■ EXERCISE ■
Below are records with pictures. Transcribe exactly, and only, the lines from the line with "雕塑位于机电工程学院入口处,以机械原件典" to the line with "Meikejie thickened aluminum", both ends included, but not the pictures.

■ SOURCE DATA ■
┏━━
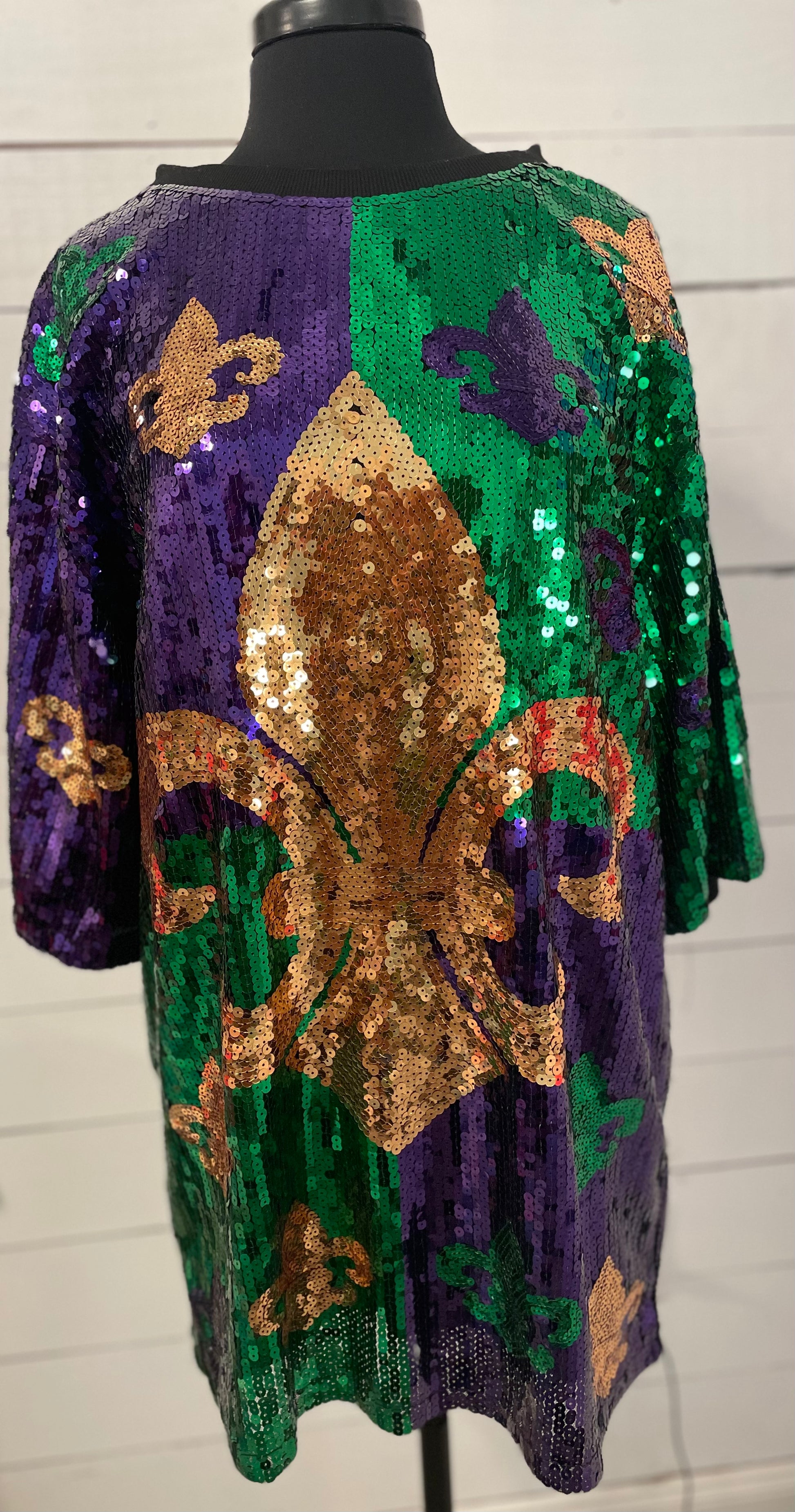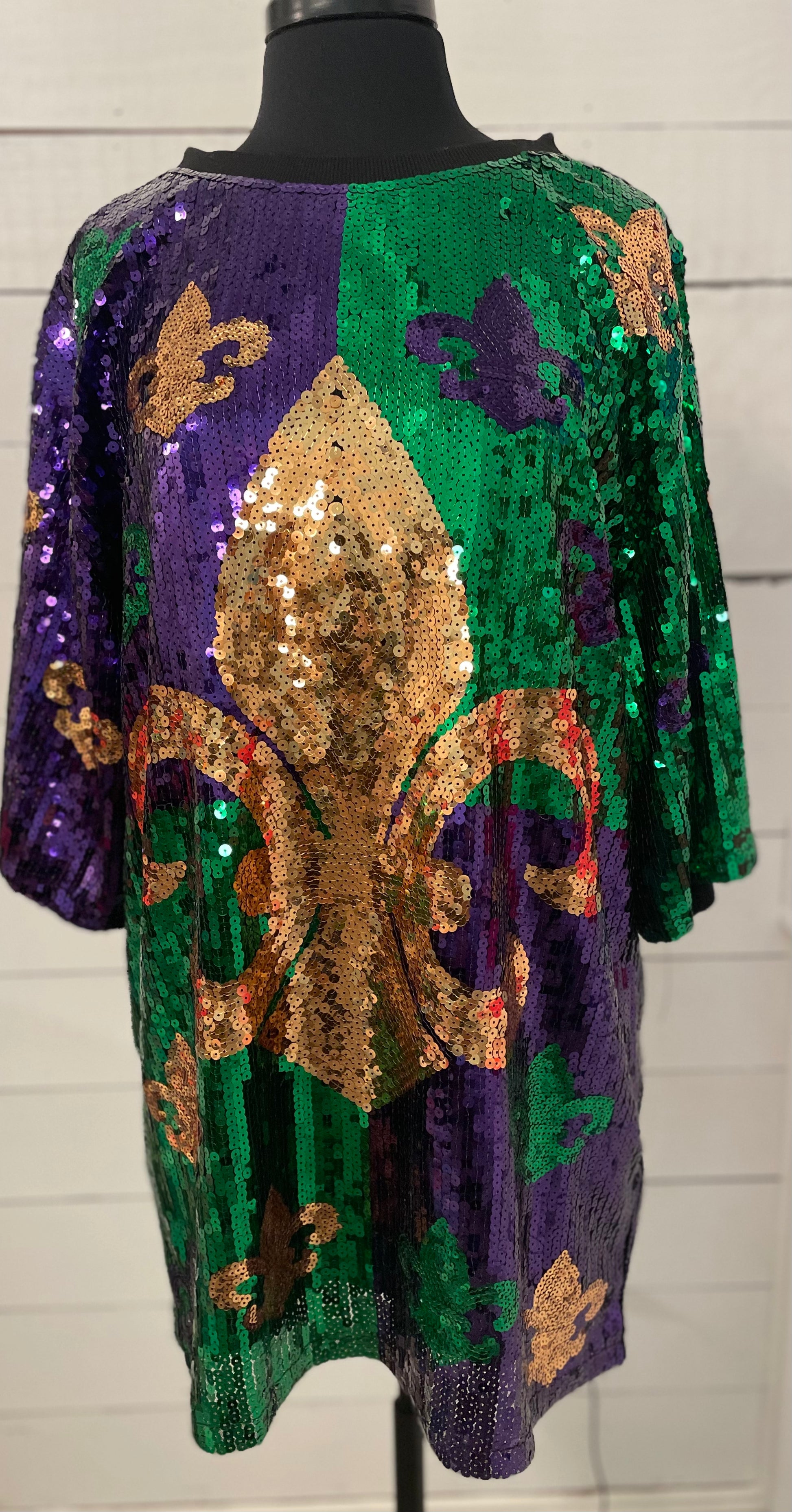 Mardi Gras Sequin Fleur De Lis Dress, Mardi Gras Party Dress, Sequin Dress
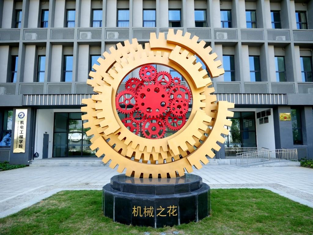 雕塑位于机电工程学院入口处,以机械原件典型代表齿轮为创作元素进行有机结合,以向日葵为设计表达对象。以此象征机电工程学院开足马力向着明天的辉煌不断开拓与进取。同时富有很强的标识性和趣味性,为整个校园风光添光加彩。
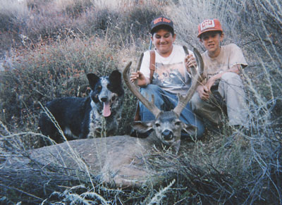 Tom Navarro shows off his first buck, and what a great buck it is! The buck's rack was 20 5/8 inches wide and 18 inches tall. The buck was a 3x3 with double eyeguards. Tom took his buck with a .243 at 95 yards while hunting California's A Zone during the 2002 season.
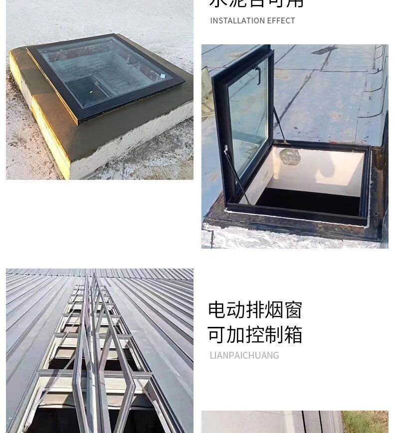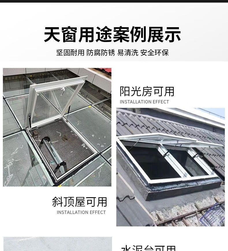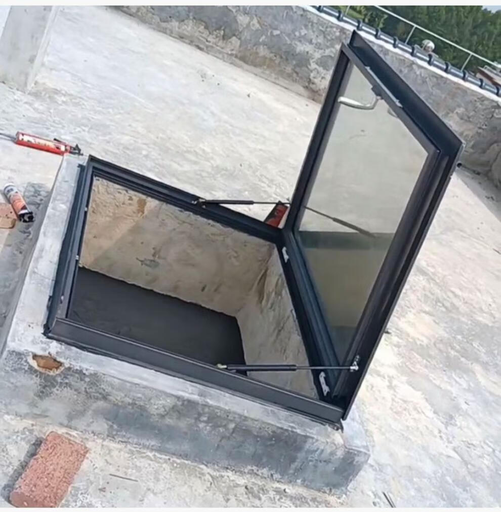 Meikejie thickened aluminum alloy electric skylight roof manual shading basement cement table sunroom pitched roof customization thickened large opening 940*940 with glass gray
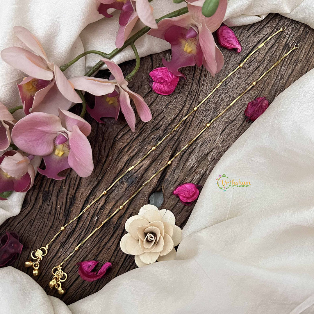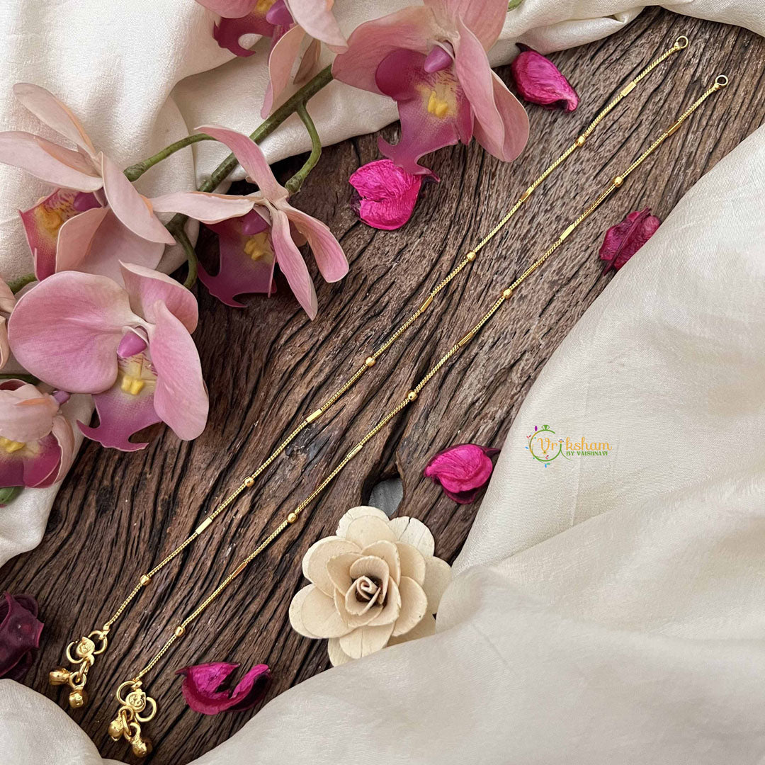 Enhance your style with the Vriksham Simple Gold Look Alike Drop Line Anklets featuring elegant boll accents. These anklets blend minimalist design with a subtle shimmer, offering a refined and sophisticated accessory. Lightweight and versatile, they effortlessly complement both casual and formal looks with timeless charm.
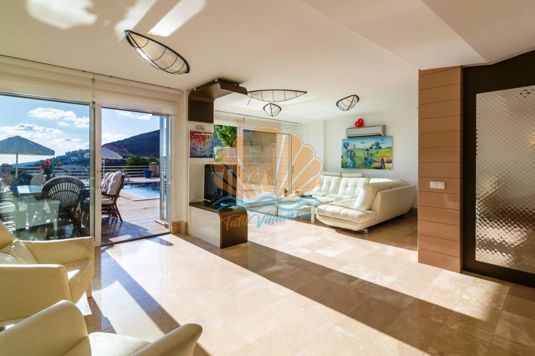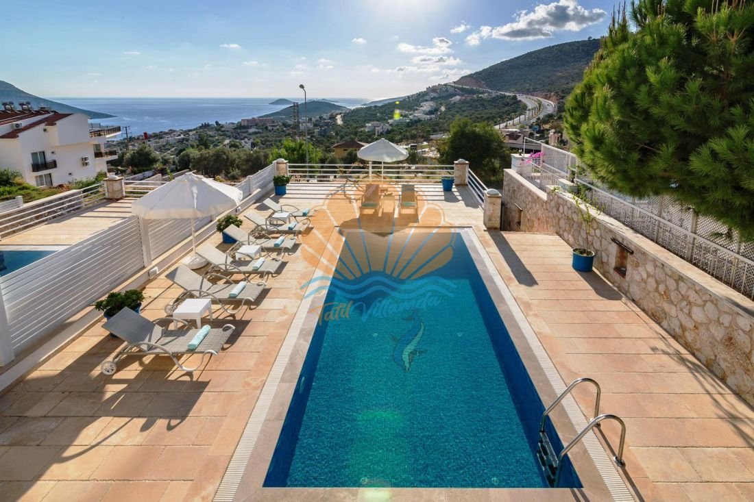 Villa Maribel’in en dikkat çekici özelliklerinden biri muhteşem deniz manzarasıdır. Teras ve havuz alanından Kalkan koyunu ve gün batımını keyifle izleyebilirsiniz. Geniş özel yüzme havuzu, güneşlenme terası ile birlikte tatiliniz boyunca size tamamen özel bir alan sunar. Havuz başında şezlonglar, güneş şemsiyeleri, barbekü ve masa takımı bulunmaktadır. Açık alanda yemek keyfi yapmak ve sevdiklerinizle hoş akşamlar geçirmek için ideal bir ortam sağlar.
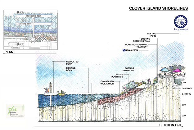 ZLA is working with John Fetterolf Engineering Design Group on the Design Development and final phases of Clover Island.
┗━━
■ WRITTEN RESPONSE ■
 雕塑位于机电工程学院入口处,以机械原件典型代表齿轮为创作元素进行有机结合,以向日葵为设计表达对象。以此象征机电工程学院开足马力向着明天的辉煌不断开拓与进取。同时富有很强的标识性和趣味性,为整个校园风光添光加彩。
 Tom Navarro shows off his first buck, and what a great buck it is! The buck's rack was 20 5/8 inches wide and 18 inches tall. The buck was a 3x3 with double eyeguards. Tom took his buck with a .243 at 95 yards while hunting California's A Zone during the 2002 season.
 Meikejie thickened aluminum alloy electric skylight roof manual shading basement cement table sunroom pitched roof customization thickened large opening 940*940 with glass gray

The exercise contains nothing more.